Blair and Chirac hogged the headlines, but on the summit’s sidelines, Home Secretary David Blunkett and his French counterpart, an ambitious young politician named Nicolas Sarkozy, negotiated a treaty establishing juxtaposed controls at each country’s sea ports.

This agreement meant that British border police could set up and run immigration checkpoints at Calais – effectively moving the British border there from Dover. The treaty also enabled French border police to carry out checks in Dover.

British border police had already been operating at French Eurostar terminals since 2001, and manning the French entrance to the Eurotunnel since 1994.

What’s all this got to do with the EU?

Technically, nothing. The Le Touquet treaty is a bilateral agreement between the UK and France. Both countries happen to be member states of the EU, but the negotiations took place outside of the EU’s auspices.

That's why eurosceptics have reacted with such fury today. Arron Banks, the co-founder of Leave.EU, said the Prime Minister was “resorting to scaremongering”, while Ukip’s migration spokesperson, in a surprising role-reversal, said that Cameron’s argument was “based on fear, negativity, and a falsehood”.

Cameron’s claim appears to be that Brexit would represent such a profound shift in the UK’s relationship with other European states that it could offer France an excuse to end the agreement reached at Le Touquet. That is debatable, but any suggestion that the treaty would instantly become void in the event of a vote to leave is untrue.

Does France actually want to revoke the treaty?

Local politicians in Calais, and in particular the town’s mayor, have been arguing for months that the treaty should be abandoned. Le Monde has also criticised it. The current French Interior Minister, Bernard Cazeneuve, hinted today that he agreed, saying that a British vote to leave “will always result in countermeasures”.

On the BBC's Today programme this morning, Rob Whiteman, a former head of the UK Border Agency, said that it was “almost certain” that the treaty would end if the UK left the EU. He said that France has benefited less from the deal than it expected:

“I think at the time the French felt there would be an upside for them, in that if it was clear that people could not easily get to Britain it would stop Sangatte building up again. The camp was closed. But history has shown that not to be the case. The French authorities still have a huge amount of pressure on their side.”

That said, the French government receives money from the British to help police Calais and its camps, and various French officials have acknowledged that their ports would receive even more traffic if refugees and migrants believed that it was easier to travel  to the UK than before.

If the treaty ended, would “the Jungle” just move to Dover?

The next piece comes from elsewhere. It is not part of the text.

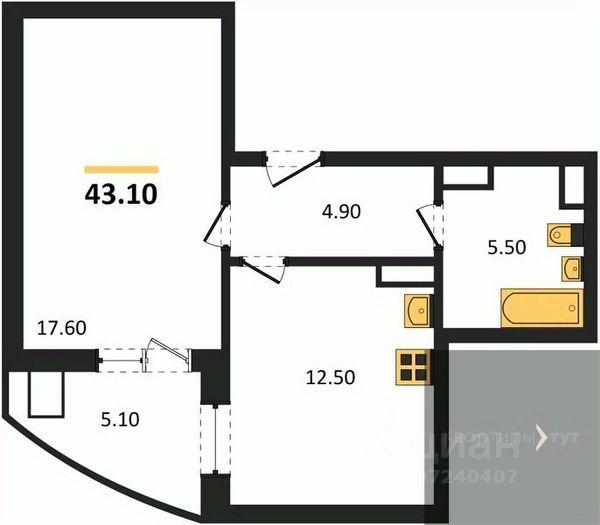 Квартира: 1 к 43,10 кв.м., 17 этаж в комплексе Ласточкино, 10 очередь, корп.22, сдача: 2кв. , этажей: 17, адрес Воронеж г., Шибилкина ул., , Застройщик: ДСК.

There’s little doubt that because of linguistic and familial ties, and perhaps the perception that the UK is more welcoming than France, many refugees and migrants would come to the UK as quickly as they could to claim asylum here.

Whiteman also said on Today that since the 2003 agreement, the annual number of asylum claims in the UK had declined from 80,000 to around 30,000. So the UK could expect a significant spike in claims if the treaty were to end.

But the British asylum process makes it unlikely that anything like “the Jungle” would spring up. Instead, those claiming asylum would be dispersed around the country or, if authorities are worried they would flee, held in an immigration detention centre.

Why is Cameron saying this now?

This looks suspiciously like one of the Tories' election strategist Lynton Crosby’s dead cats. That is, in an effort to distract his critics from the detail of the renegotiation, the PM has provoked a row about migrants and refugees. Cameron is clearly keen to move the debate on from the minutiae of different European agreements to bigger questions about security and terrorism. Though getting bogged down in competing interpretations of a treaty from 2003 may not be the best way to move onto that broader terrain.